▶ Exercise objective
Could the lines from the line bearing "Then on Monday" to the end of the records below be copied exactly, with the pictures left out and no other lines added?
------ Available data
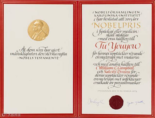 当然,也有不太走心的……并不是每个获奖者都有艺术家来画画,比如中国第一个诺贝尔科学奖得主屠呦呦的证书就只请了Calligrapher写字。(共享奖项的William C. Campbell和Satoshi Ōmura,证书上也都只有诺贝尔头像而已。)
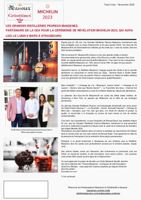 Les Grandes Distilleries Peureux-Massenez : partenaire officiel de la cérémonie Michelin 2023
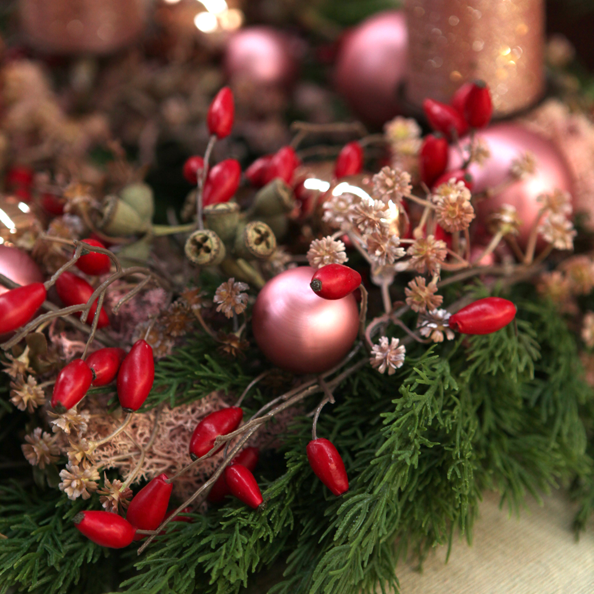 El color rojo simboliza calidez y pasión, ideal para la acogedora atmósfera otoñal. Los escaramujos también representan temas como la renovación y la fertilidad. Los toques rojos aportan a cualquier estancia un aura vibrante y positiva. Especialmente durante las estaciones más oscuras, una corona roja aporta un toque vibrante y enérgico a tu hogar.
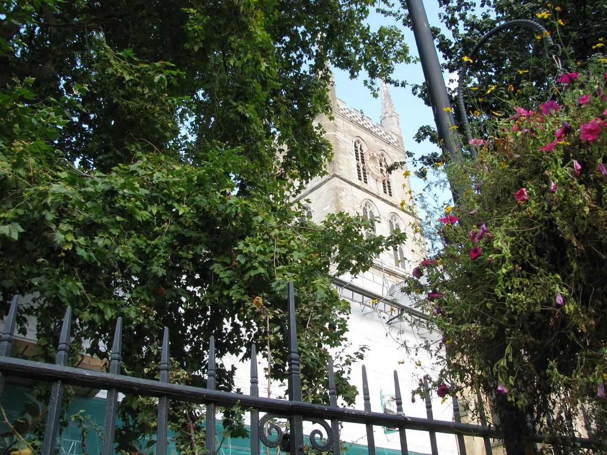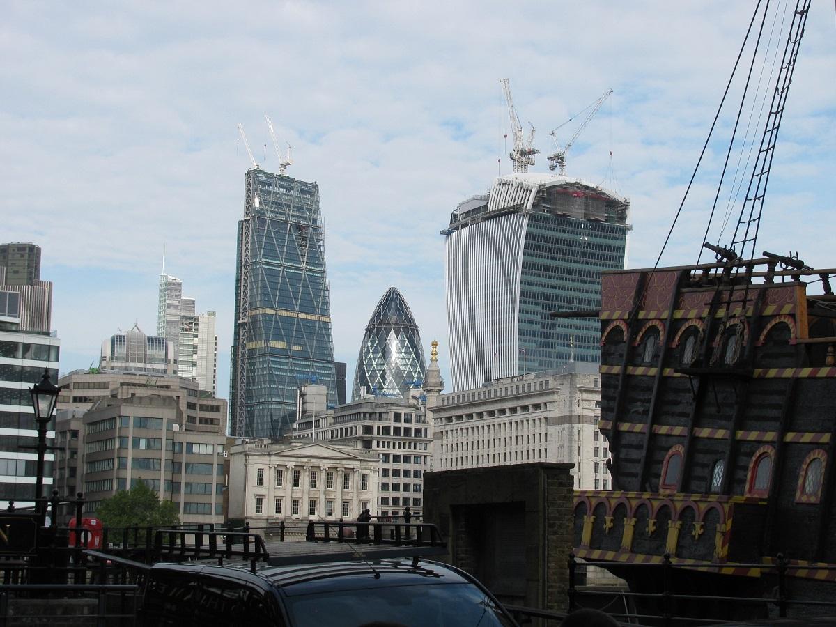 Then on Monday did touristy things down in the city. Mostly a lot of wandering around looking at neat stuff while Hari played tourist guide. Spent some time in the Museum of London, which was interesting enough. Had lunch at Borough Market just over the Thames and I bought a whole pile of things (mostly variants on Parmesan cheese, hee
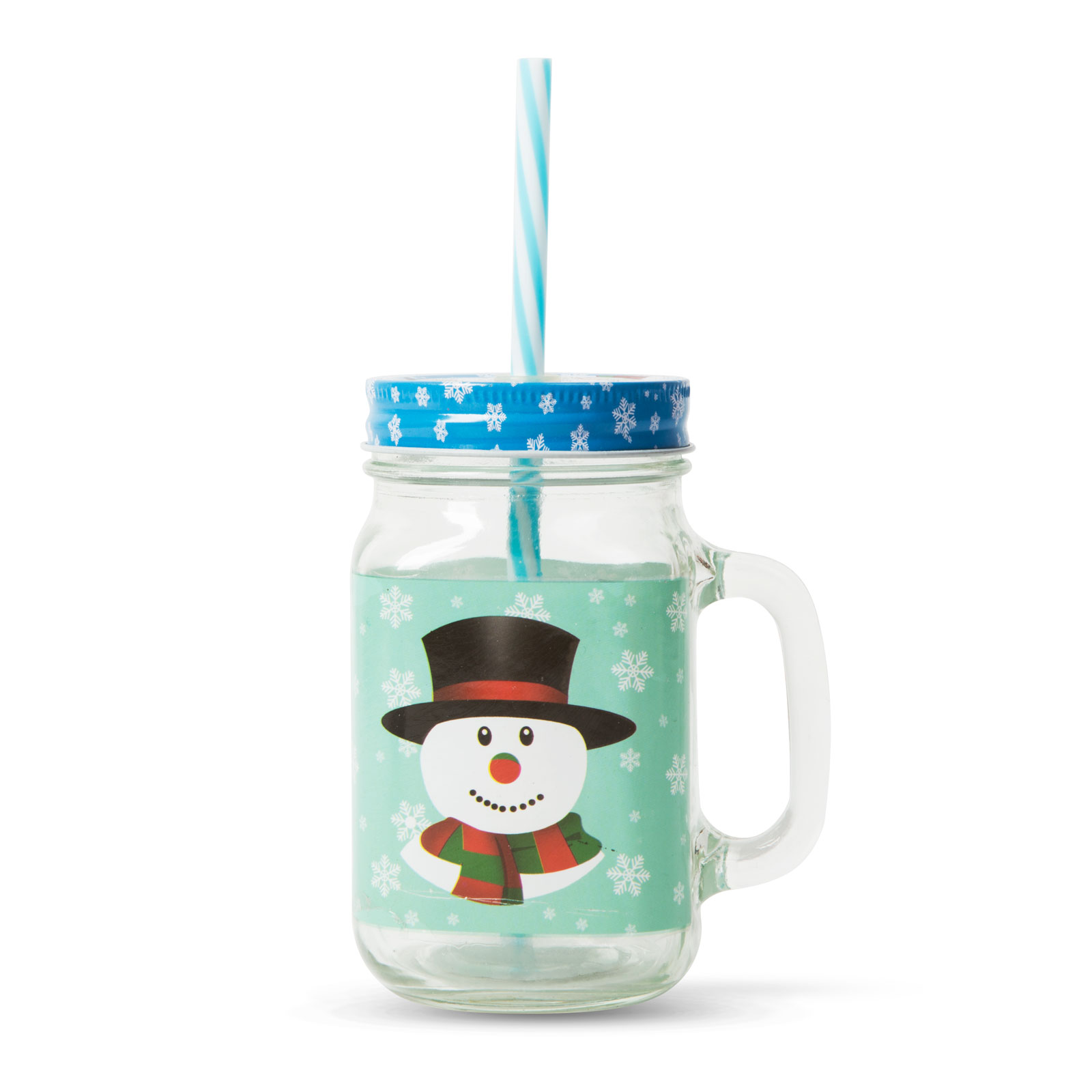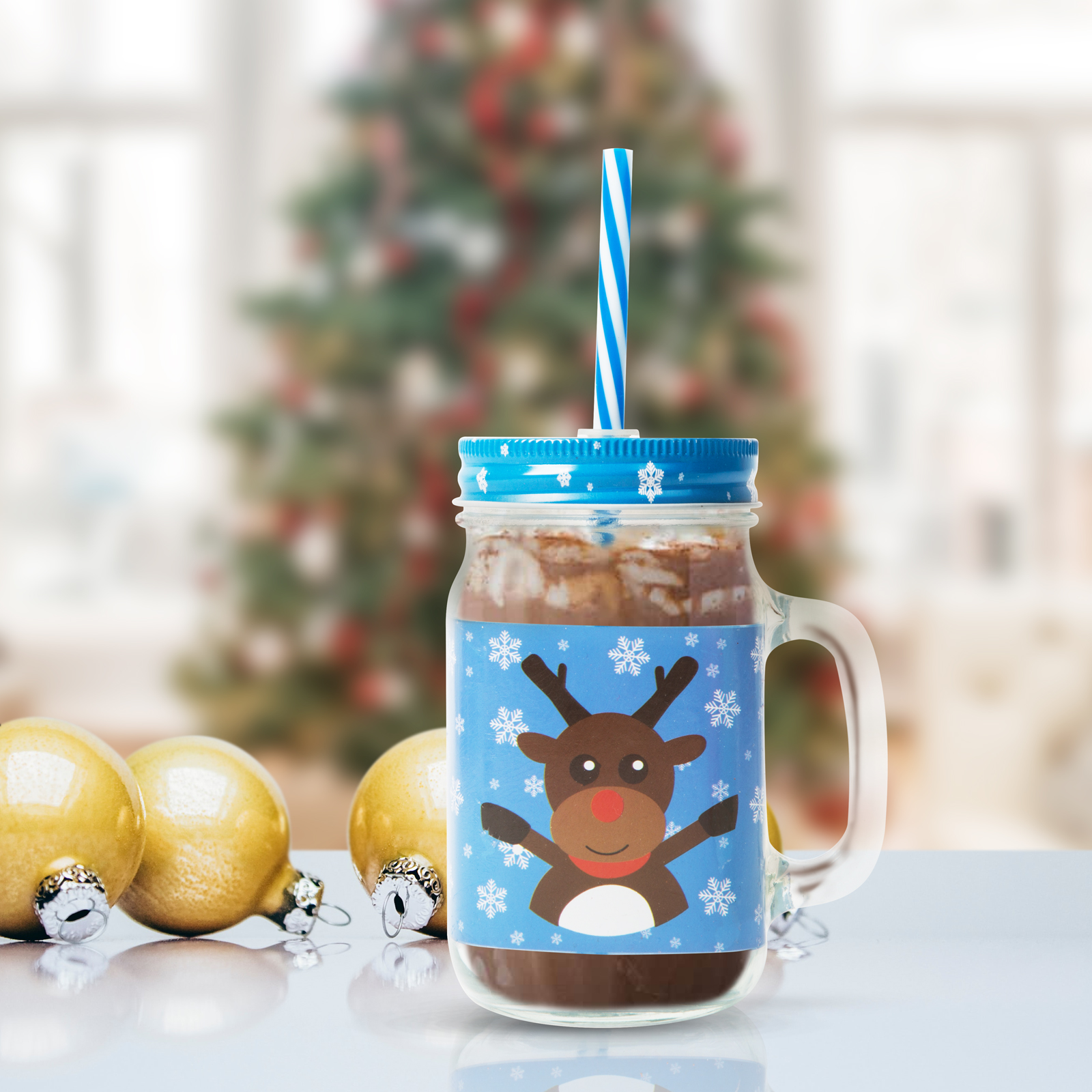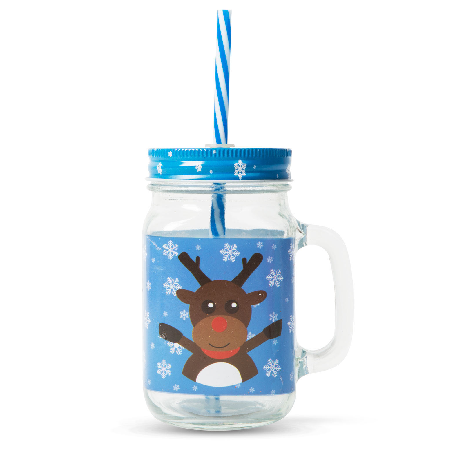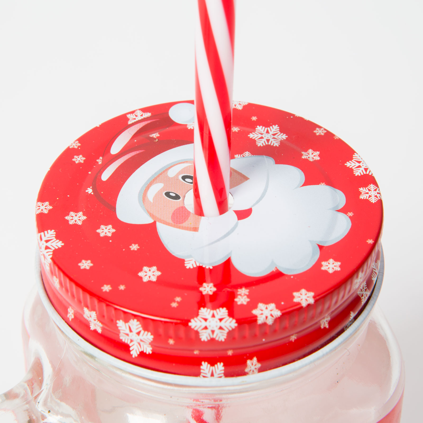 Sklenený pohár s veselým vianočným vzorom:Mikuláš, snehuliak, sob, v rôznych farbách s kovovým vrchnákom.
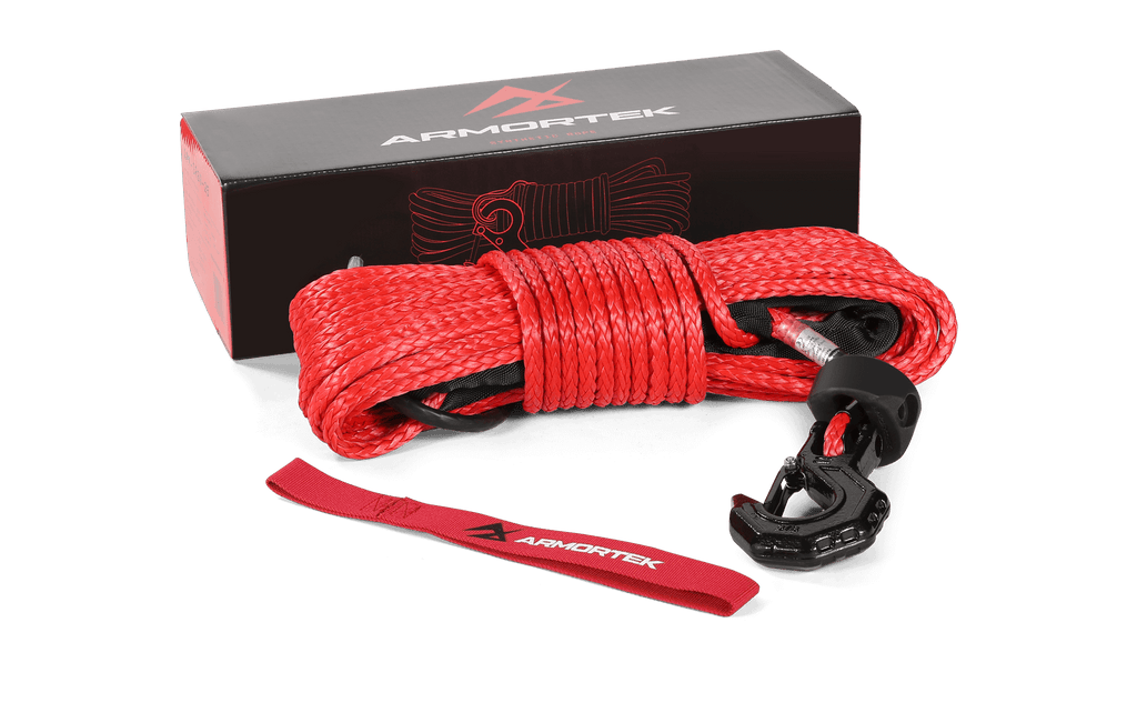 Armortek Synthetic Winch Rope is made with HMPE, a fiber stronger than hardened steel. It undergoes a unique pre-stretching process and is coated with special Armortek abrasion resistant coating for ultimate endurance.
------------
▶ Task answer
 Then on Monday did touristy things down in the city. Mostly a lot of wandering around looking at neat stuff while Hari played tourist guide. Spent some time in the Museum of London, which was interesting enough. Had lunch at Borough Market just over the Thames and I bought a whole pile of things (mostly variants on Parmesan cheese, hee
 Sklenený pohár s veselým vianočným vzorom:Mikuláš, snehuliak, sob, v rôznych farbách s kovovým vrchnákom.
 Armortek Synthetic Winch Rope is made with HMPE, a fiber stronger than hardened steel. It undergoes a unique pre-stretching process and is coated with special Armortek abrasion resistant coating for ultimate endurance.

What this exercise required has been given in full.